Blog do Flavio Gomes
F-1

SOBRE ONTEM DE MANHÃ

RIO (tá bom) – A nova dobradinha da Mercedes no Mundial, sexta em oito corridas, deveria acionar algum tipo de sinal de alerta na Fórmula 1. Não é possível continuar como está. O problema não reside unicamente na supremacia da equipe alemã. Não é a primeira vez que isso acontece. Na F-1 recente já testemunhamos […]

frad196
Jornal holandês: não precisa nem do tradutor do Google

RIO (tá bom) – A nova dobradinha da Mercedes no Mundial, sexta em oito corridas, deveria acionar algum tipo de sinal de alerta na Fórmula 1. Não é possível continuar como está.

O problema não reside unicamente na supremacia da equipe alemã. Não é a primeira vez que isso acontece. Na F-1 recente já testemunhamos uma McLaren dominante (fim dos anos 80), uma Williams imbatível (meados dos anos 90), uma Ferrari hegemônica (começo dos anos 2000) e uma Red Bull soberana (início da segunda década deste século).

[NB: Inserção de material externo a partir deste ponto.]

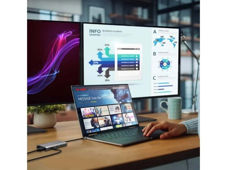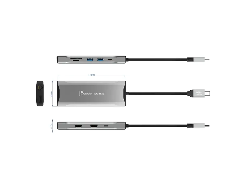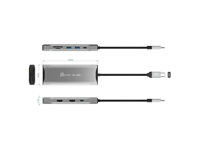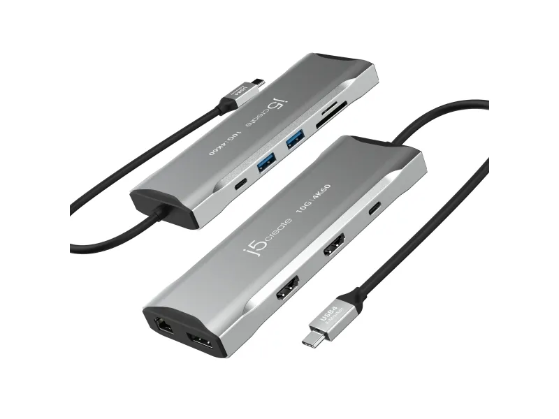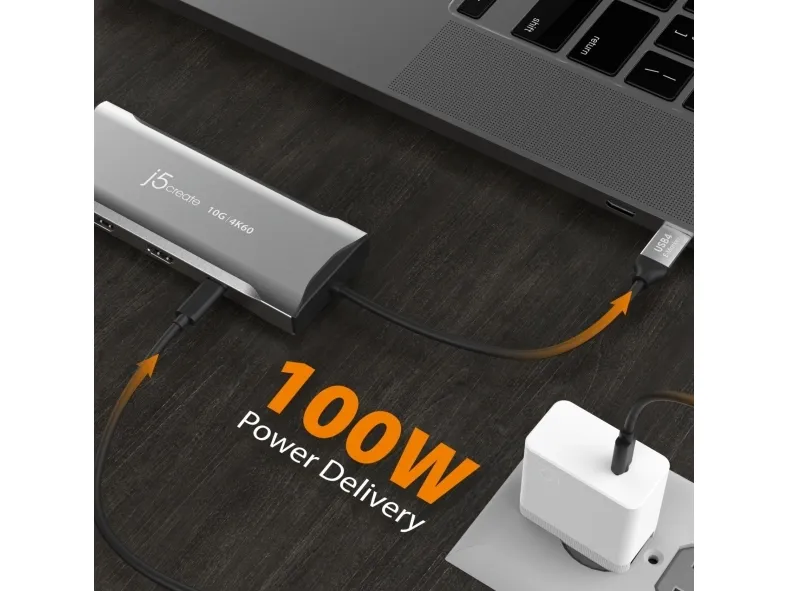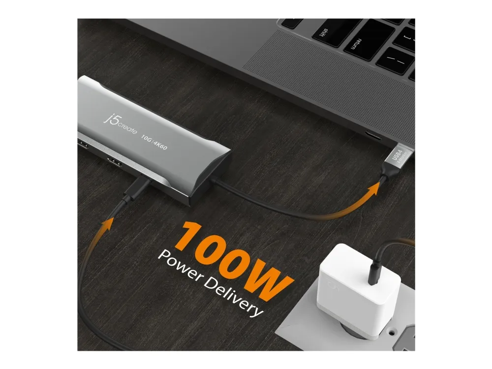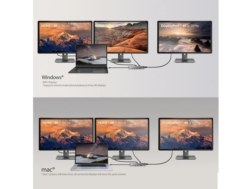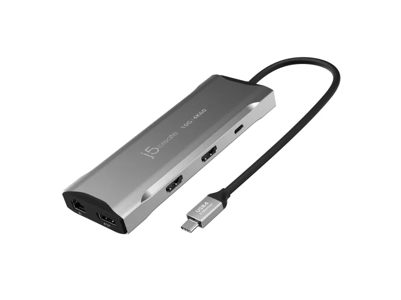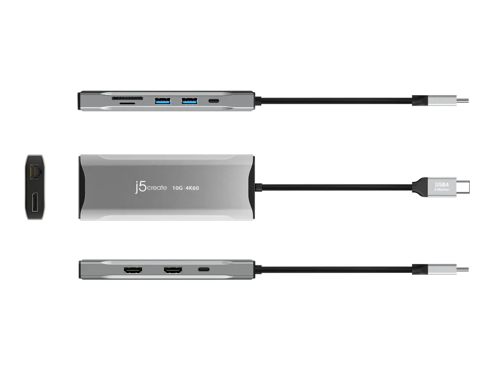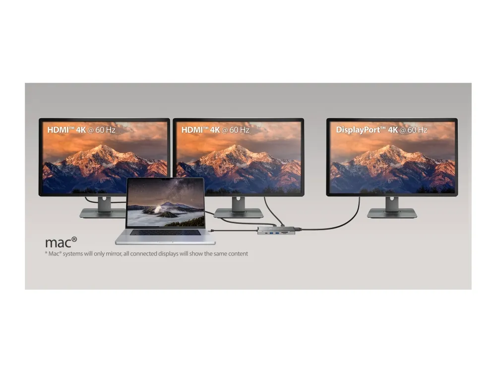 Denne mini-dokkingstasjonen for flere skjermer er utstyrt med en avansert USB-C E-Mark-brikke og er kompatibel med verter og enheter som har USB4. Den har alt du trenger, fra tre videoutganger til 10 Gbps USB-porter, samt gjennomgangslading med 100 W Power Delivery.

O que sucede agora é que essa superioridade não pode ser interrompida por ninguém, ao contrário do que acontecia no passado senão com frequência, às vezes, pelo menos.

Antes, um bom engenheiro podia ter uma grande sacada aerodinâmica no meio de um campeonato e mudar o rumo da temporada, ou ao menos de algumas corridas. Já alegrava a galera.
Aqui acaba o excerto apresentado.